President Donald Trump’s campaign, the National Republican Committee, and three affiliated political groups raised nearly half a billion dollars from mid-October through late November, the campaign announced on Thursday evening, including more than $200 million since Election Day.
The eye-popping sum came after weeks of relentless fundraising by Trump and national Republicans, who used baseless claims of a widespread conspiracy to illegally deny the president a second term to rake in huge sums from grassroots Trump supporters. That fundraising push has largely asked for funds to attempt to overturn the 2020 presidential election in court, where the campaign has so far been wildly unsuccessful in convincing any judge of its case.
In total, the campaign, the RNC, and two joint fundraising accounts brought in at least $495 million from October 15 through November 23.
“These tremendous fundraising numbers show President Trump remains the leader and source of energy for the Republican Party, and that his supporters are dedicated to fighting for the rightful, legal outcome of the 2020 general election,” Trump campaign manager Bill Stepien said in a statement on the campaign’s finances.
The legal outcome—President-elect Joe Biden’s victory—is, in fact, already known. But the campaign and the RNC have propped up the fiction of a vast anti-Trump conspiracy involving rigged voting machines and the deceased president of Venezuela as they continue pulling in money for activities mostly unrelated to the litigation Trump’s attorneys have pursued in states around the country.
That litigation has been almost uniformly unsuccessful. Courts in multiple states have tossed out the campaign’s efforts to prevent the certification of Biden’s electoral college victories and disenfranchise huge numbers of largely Democratic voters.
Trump’s legions of grassroots supporters have nonetheless stepped up to fund the effort, even as some of his higher dollar donors head for the exits. But a large portion of those grassroots donations haven’t actually funded the post-election legal fights. Much of it went towards retiring Trump campaign debt, and a significant portion has financed Save America, the leadership PAC created in the aftermath of the election, as it became clear Trump will not be re-elected.
Trump will likely use that group to finance expenses associated with an anticipated 2024 presidential run—or at least a trial run over the next few years as he ponders one.

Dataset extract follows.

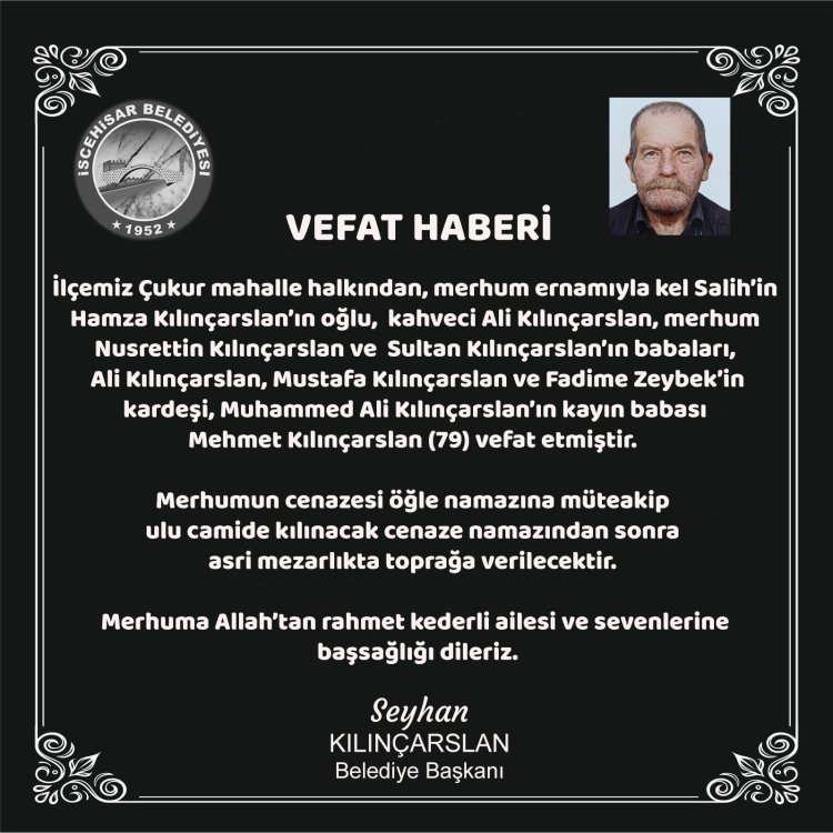 İlçemiz Çukur mahalle halkından, merhum ernamıyla kel Salih’in Hamza Kılınçarslan’ın oğlu, kahveci Ali Kılınçarslan, merhum Nusrettin Kılınçarslan ve Sultan Kılınçarslan’ın babaları, Ali Kılınçarslan, Mustafa Kılınçarslan ve Fadime Zeybek’in kardeşi, Muhammed Ali Kılınçarslan’ın kayın babası Mehmet Kılınçarslan (79) vefat etmiştir.
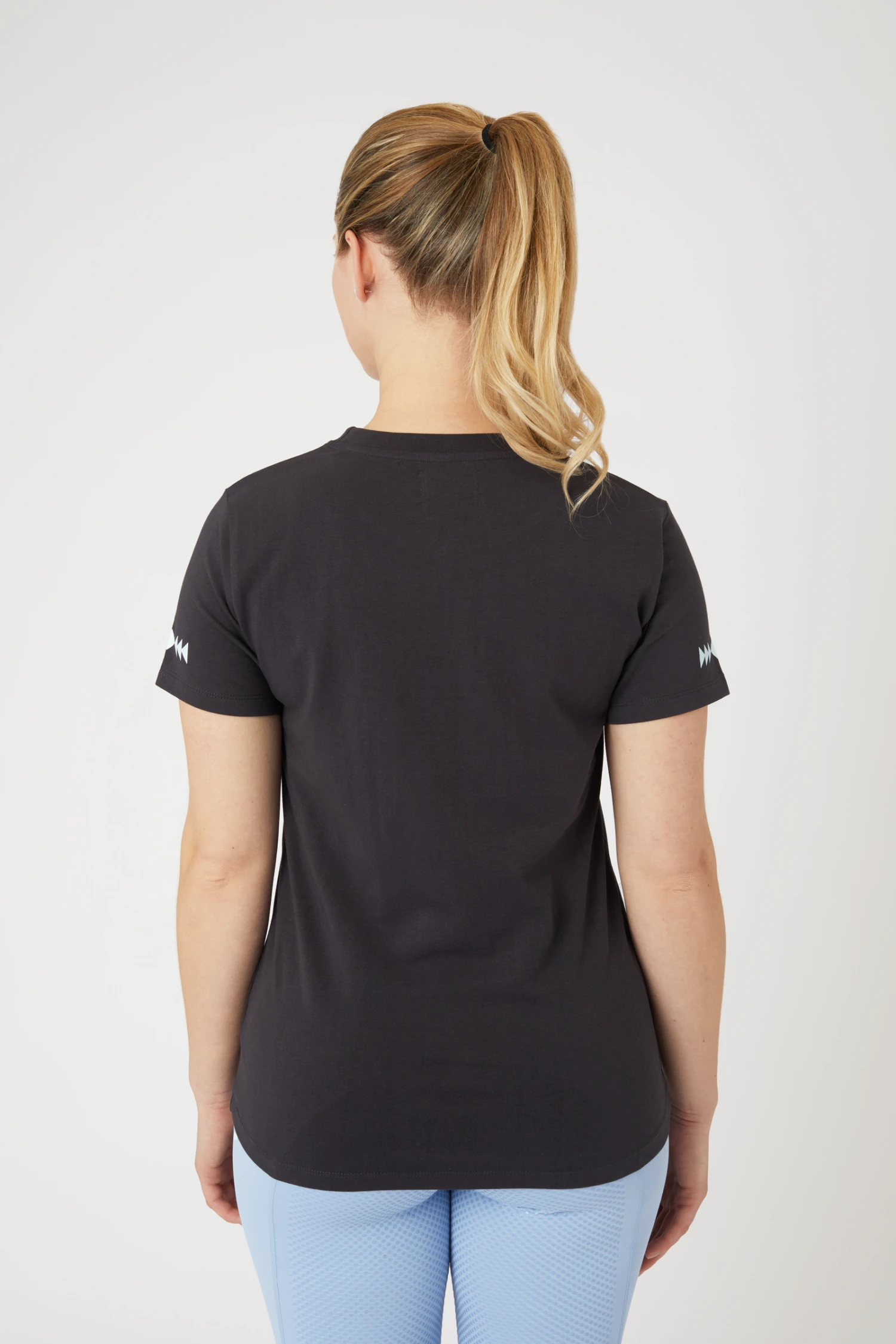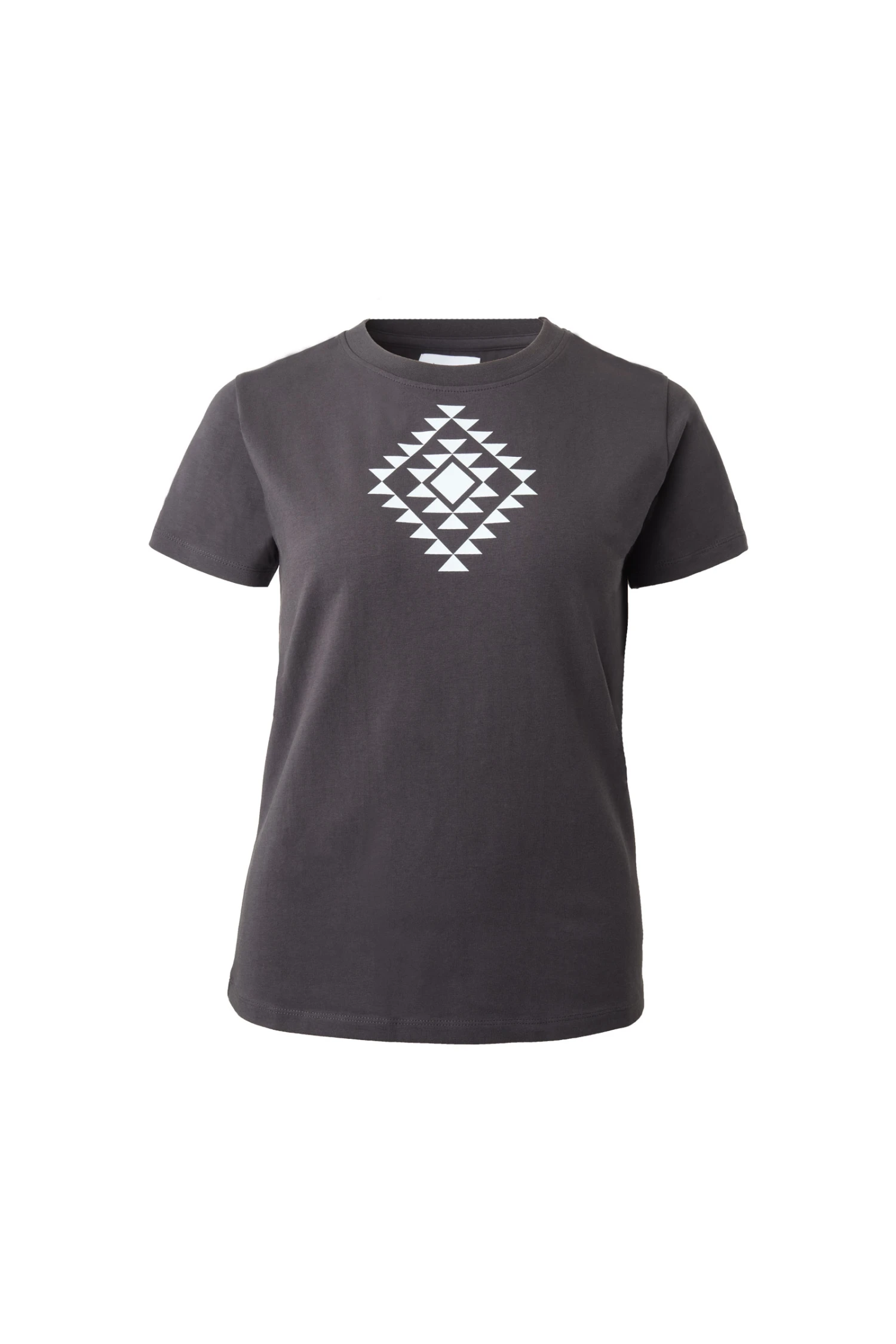 Das Zion Shirt für Damen ist aus einem Baumwollstoff gefertigt, der sich angenehm auf der Haut anfühlt. Auf der Brust befindet sich ein großer aztekisch inspirierter Druck in passenden Farben. Beide Ärmel haben kleinere Versionen des Musters.

The Trump Make America Great Again Committee, one of the two RNC-campaign joint fundraising accounts, is now steering 75 cents of every dollar donated to that group—a fact that’s only evident in the fine print of its solicitations.
In its first two weeks in existence, Save America raised about $570,000, according to its inaugural financial filing with the Federal Election Commission, nearly three quarters of that sum coming from donations of under $200. Its only expenditures were merchant fees paid to the GOP fundraising platform WinRed—meaning all the group did in its first two weeks was raise money, despite the frequent fundraising appeals invoking a fight against election fraud.
Leadership PACs generally use the money they raise to shell out funds to like-minded elected officials, often as a way of building political capital. But such groups are frequently criticized for the wide latitude they give the officials that control them to spend money on activities that are at best tangentially related to actual political activity. Numerous federal officeholders, for example, have been scrutinized for spending leadership PAC funds on personal expenses.
The rules governing leadership PAC spending, which are more lax than regulations on actual campaign committees, mean that Trump will be free to spend the money that Save America raises on a wide variety of activities—and, if he pleases, at plenty of Trump properties—as he mulls another run at the White House in four years.